A $1.8 million pipeline project has connected the customers with the City of Garibaldi water supply. It was necessary to create a pipeline or intertie for the water supply because of contamination found in the Watseco Barview system.
The water in the Watseco Barview District had been identified by federal tests as being contaminated by Total trihalomethanes, Total haloacetic acids and nitrate.
One contaminant exceeded the legal limit (trihalomethanes), while a second (haloacetic) was less than the legal limit but exceeded the health limit, according to federal tests. Trihalomethanes can be created by a chemical reaction when chlorine used to disinfect tap water that has natural organic matter in it.
The intertie enables the Watseco Barview District to provide clean water to its customers, but remaining sanitation and other services will remain with the Watseco Barview District. The pipeline is approximately 1.1 miles long and about eight inches in diameter and is following the rail line between the two communities.
The entire project was funded by the Oregon Infrastructure Authority. The city got a $980,000 grant and another $980,000 in a low-interest loan.
According to John O’Leary, the city manager for Garibaldi, the project was completed recently.
“It is all hooked up and right now we’re going through the last details and make sure everything is addressed,” he said Friday. “The project was on budget and a little over-scheduled, but not much. It was well within the parameters we had set for ourselves for getting it done.”
O’Leary praised the construction company, H.L. Mouck of Salem, for the work they had done building the intertie. “They have done fantastic work. They were very responsive, very responsible and competent in the work that they did. They were the main reason we were on budget, which was pretty impressive,” the city manager said.
The city is now providing its water to the Watseco-Barview customers, who live in the Barview area north to the southern edge of Rockaway Beach.

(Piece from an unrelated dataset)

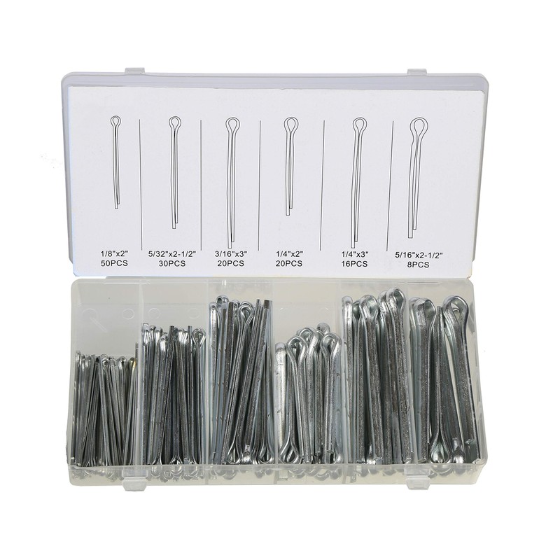 - Set includes: 50pc- 1/8x2", 30pc-5/32x2-1/2", 20pc- 3/16x3", 16pc- 1/4x3", 20pc- 1/4x2", 8pc- 5/16x2-1/2" cotter pins

“Their system is significantly improved now,” O’Leary added.
The city has gone so far as to flush out the system to help remove any sediments and contamination.
The city used a new method to cleanse out the system called ice pigging. “That scoured out the sedimentations from the pipes and it made a huge difference in the quality of water.”
O’Leary admitted the pigging method used to clean the pipes sounded strange. “It kind of sounds absurd when you get right down to it,” he said, chuckling. In water systems, a “pig” is just a device you shove down a line to scour it out. There are different sorts of “pigging” the city manager said. “It is done in water systems all the time with things like foam blocks and other types of devices that will flush their way through a pipe and scour it out.”
Garibaldi found a newer, cleaner and more environmentally-sound method of pigging. “It is a patented process of literally pushing ice through a water main to get the same effect (scouring). It is still pretty new. It is actually a pretty ingenious system.
“With this system, they pretty much hook it up to a hydrant and shove the ice down into the main. There is no risk of foreign objects because the ice just melts,” O’Leary said.
“It has been a very good project and almost surprisingly on plan. There were not any hiccups once we got started. Right now, we are just finishing up,” the city manager said.
The water has been passing quality tests already. “We do routine testing at the end of the lines.
“We will be doing more testing for a couple of months just to be sure and verify. It usually takes a while for a water system to completely cycle out.”